Description of the task -> From the records below, output exactly the lines running from the line containing "S.2352, C.250, RIC.88" through the line containing "喜欢浪漫风的宝宝们,可以选择", and no others.

Listed entries ->

┏━━

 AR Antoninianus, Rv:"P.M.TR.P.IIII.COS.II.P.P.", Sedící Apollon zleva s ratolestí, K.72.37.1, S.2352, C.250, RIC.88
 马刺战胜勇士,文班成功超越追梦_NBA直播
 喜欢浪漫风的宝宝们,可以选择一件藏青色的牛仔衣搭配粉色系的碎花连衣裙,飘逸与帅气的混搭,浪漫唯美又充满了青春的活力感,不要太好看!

┗━━
┏━━

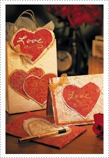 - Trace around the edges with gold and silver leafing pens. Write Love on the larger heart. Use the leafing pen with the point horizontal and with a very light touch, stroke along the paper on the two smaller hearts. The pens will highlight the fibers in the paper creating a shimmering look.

┗━━
┏━━

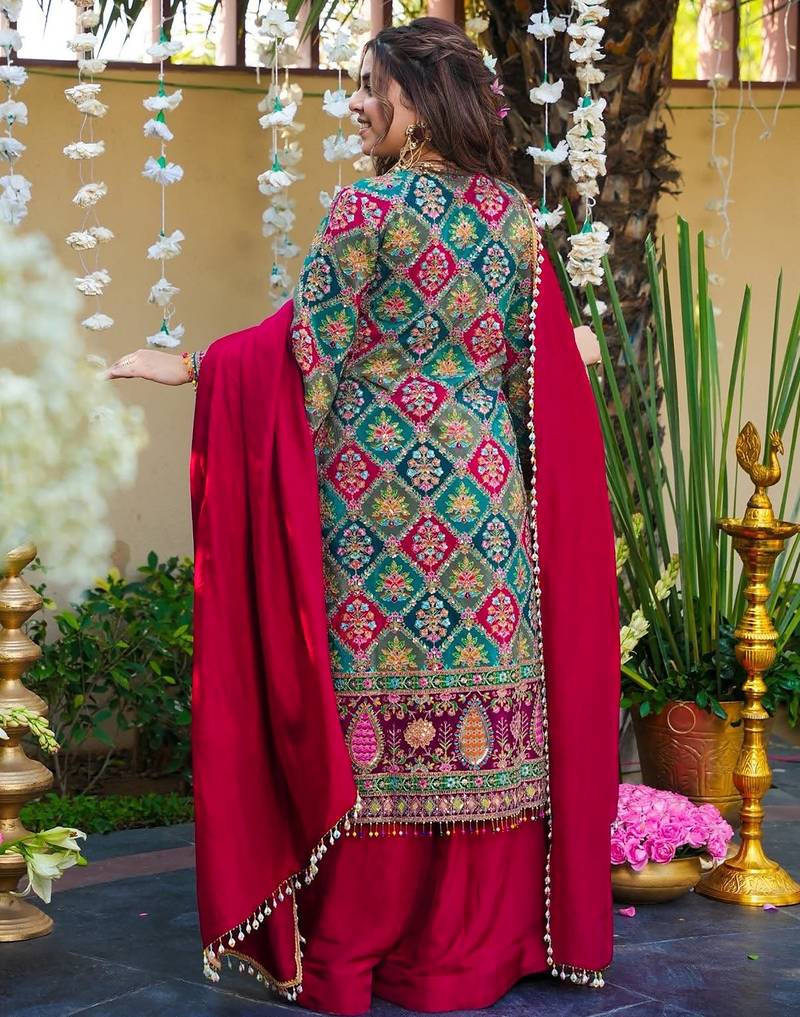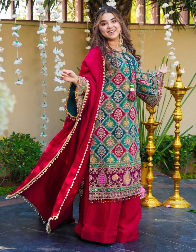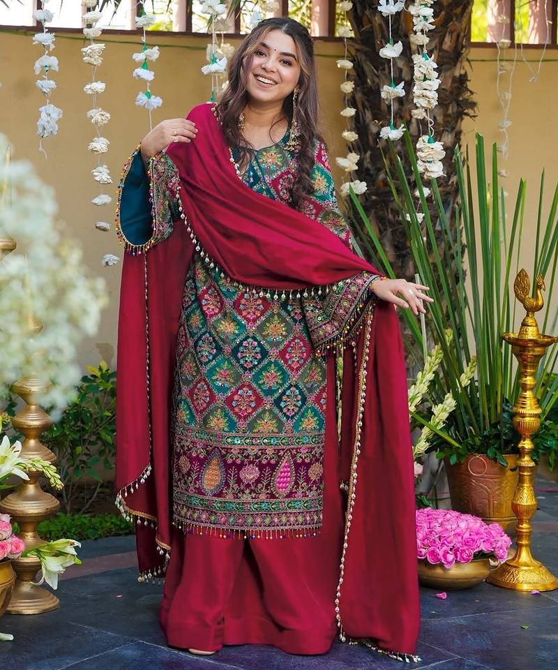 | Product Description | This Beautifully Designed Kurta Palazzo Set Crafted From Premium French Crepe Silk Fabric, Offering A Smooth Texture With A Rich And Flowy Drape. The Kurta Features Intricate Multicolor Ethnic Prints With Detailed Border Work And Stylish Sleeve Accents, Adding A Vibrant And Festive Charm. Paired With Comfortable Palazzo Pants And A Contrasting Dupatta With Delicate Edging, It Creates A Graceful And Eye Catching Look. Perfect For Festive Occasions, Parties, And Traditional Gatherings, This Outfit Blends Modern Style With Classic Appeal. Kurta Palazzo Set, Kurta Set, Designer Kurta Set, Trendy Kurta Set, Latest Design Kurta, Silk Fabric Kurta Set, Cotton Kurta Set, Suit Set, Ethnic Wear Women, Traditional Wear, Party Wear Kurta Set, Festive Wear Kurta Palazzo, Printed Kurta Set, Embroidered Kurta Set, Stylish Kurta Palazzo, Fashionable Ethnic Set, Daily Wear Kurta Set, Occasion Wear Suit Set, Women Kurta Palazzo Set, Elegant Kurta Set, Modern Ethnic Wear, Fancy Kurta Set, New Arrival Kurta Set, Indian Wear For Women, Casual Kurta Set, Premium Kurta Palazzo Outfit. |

┗━━

Output of the task ->
 AR Antoninianus, Rv:"P.M.TR.P.IIII.COS.II.P.P.", Sedící Apollon zleva s ratolestí, K.72.37.1, S.2352, C.250, RIC.88
 马刺战胜勇士,文班成功超越追梦_NBA直播
 喜欢浪漫风的宝宝们,可以选择一件藏青色的牛仔衣搭配粉色系的碎花连衣裙,飘逸与帅气的混搭,浪漫唯美又充满了青春的活力感,不要太好看!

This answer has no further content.